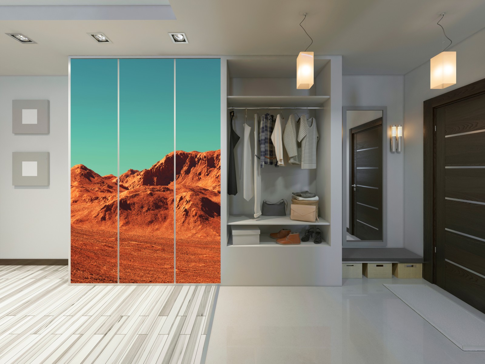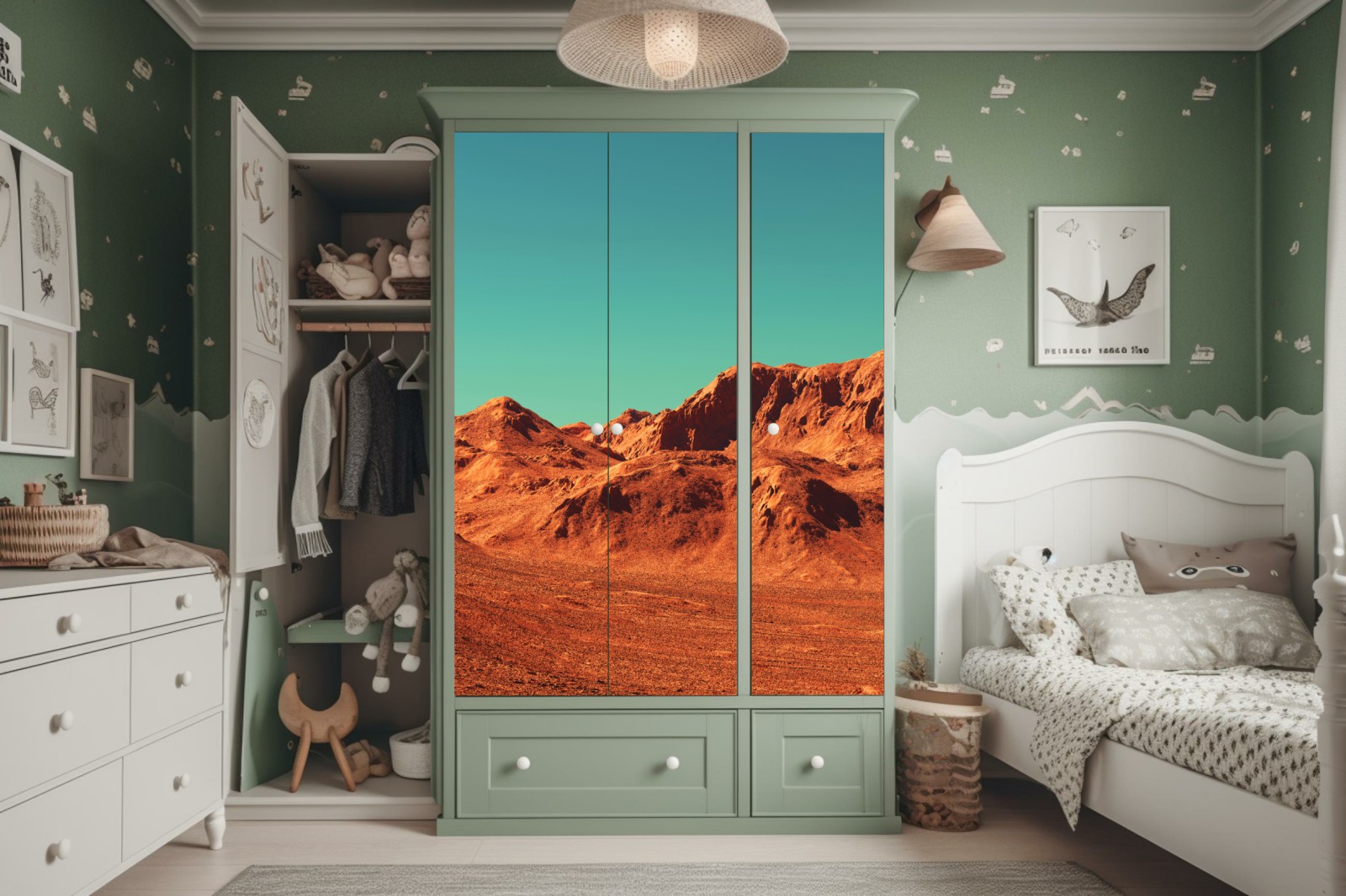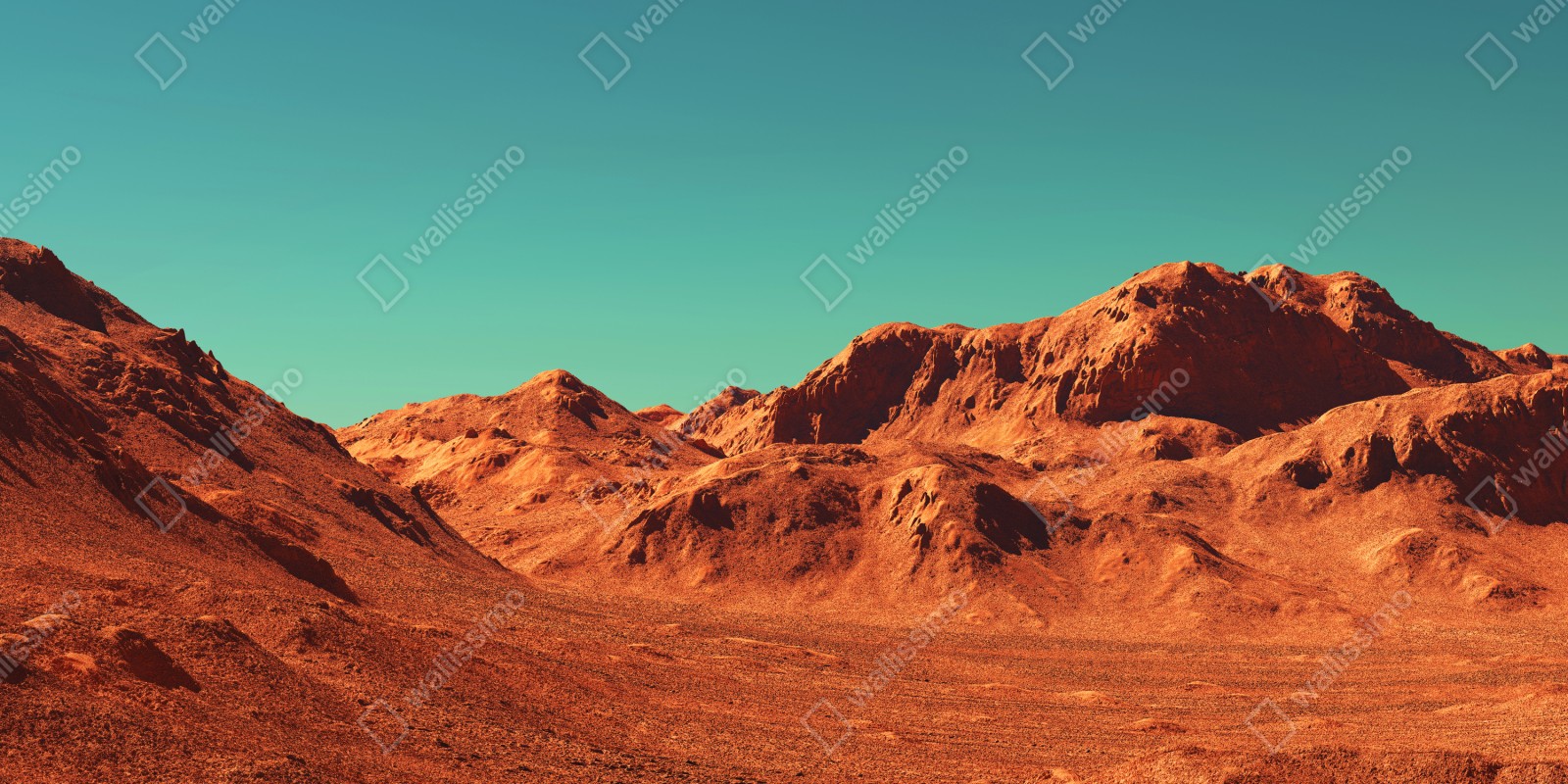 Beeindruckende 3D-Darstellung einer Marslandschaft in intensiven Rot- und Türkistönen, ideal für moderne Wohnräume.
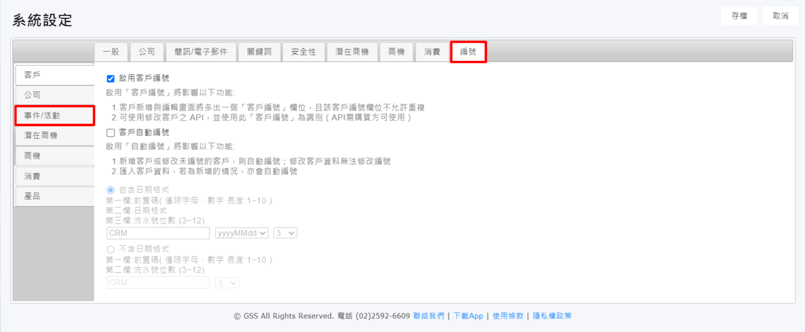 開啟編號後,新增【事件/活動】時即可指定編號欄位,匯入潛在商機時,也可以透過編號指定關聯事件/活動。
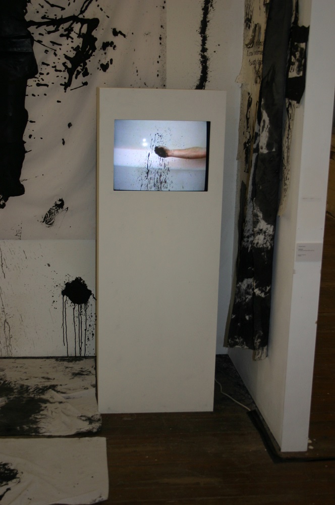 The video screen in this installation shows documentation from three performances. For the first performance Catching Paint (2006), I attempted to catch black paint with my hand as it was poured and dripped from above in a parody of Richard Serra’s Catching Lead. In the second performance Paint Head (2006), my head was covered by a sheet of white fabric and my arms were wet with black paint. I tried to wipe as much paint from my hands onto the sheet as I could. In the third performance Intestines (2006), I pulled a roll of paper through a bowl of black paint until the paint ran out and the paper broke.
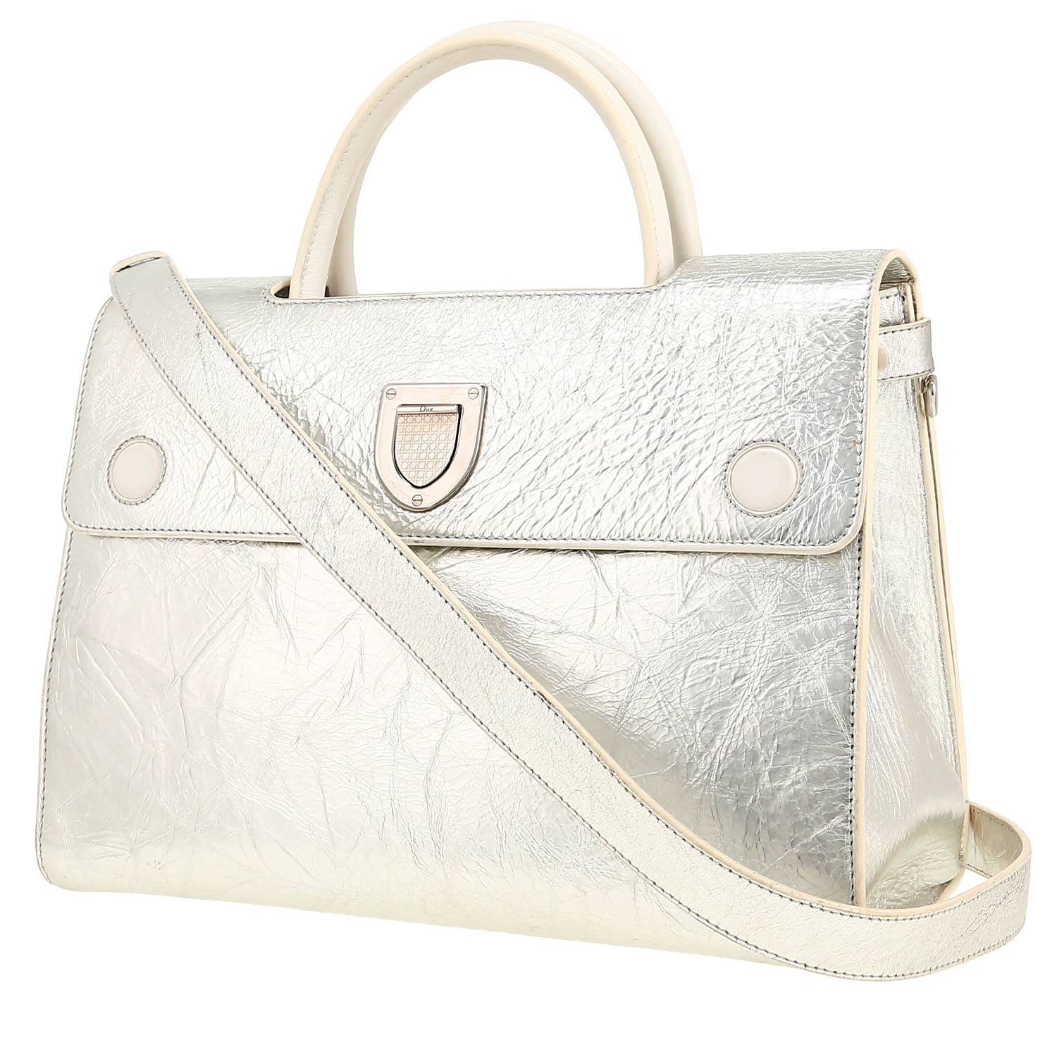 Bellissima borsa Dior Diorever in pelle argentato, inserti in metallo argentato, doppio manico in pelle argentata, una tracolla rimovibile regolabile in pelle argentata da portare a mano, in spalla o a tracolla.
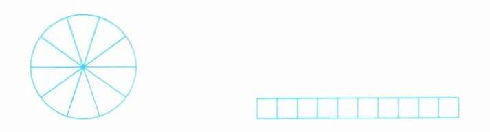 1. 下面每个图形都表示整数“1”,把涂色部分分别用分数和小数表示出来。

□ □ □ □

# INSTRUCTIONS TO FOLLOW:
Starting with the line that contains "Bellissima borsa Dior" and ending with the last line of the data above, transcribe exactly those lines and no others, without pictures.

# SOLVED EXERCISE:
 Bellissima borsa Dior Diorever in pelle argentato, inserti in metallo argentato, doppio manico in pelle argentata, una tracolla rimovibile regolabile in pelle argentata da portare a mano, in spalla o a tracolla.
 1. 下面每个图形都表示整数“1”,把涂色部分分别用分数和小数表示出来。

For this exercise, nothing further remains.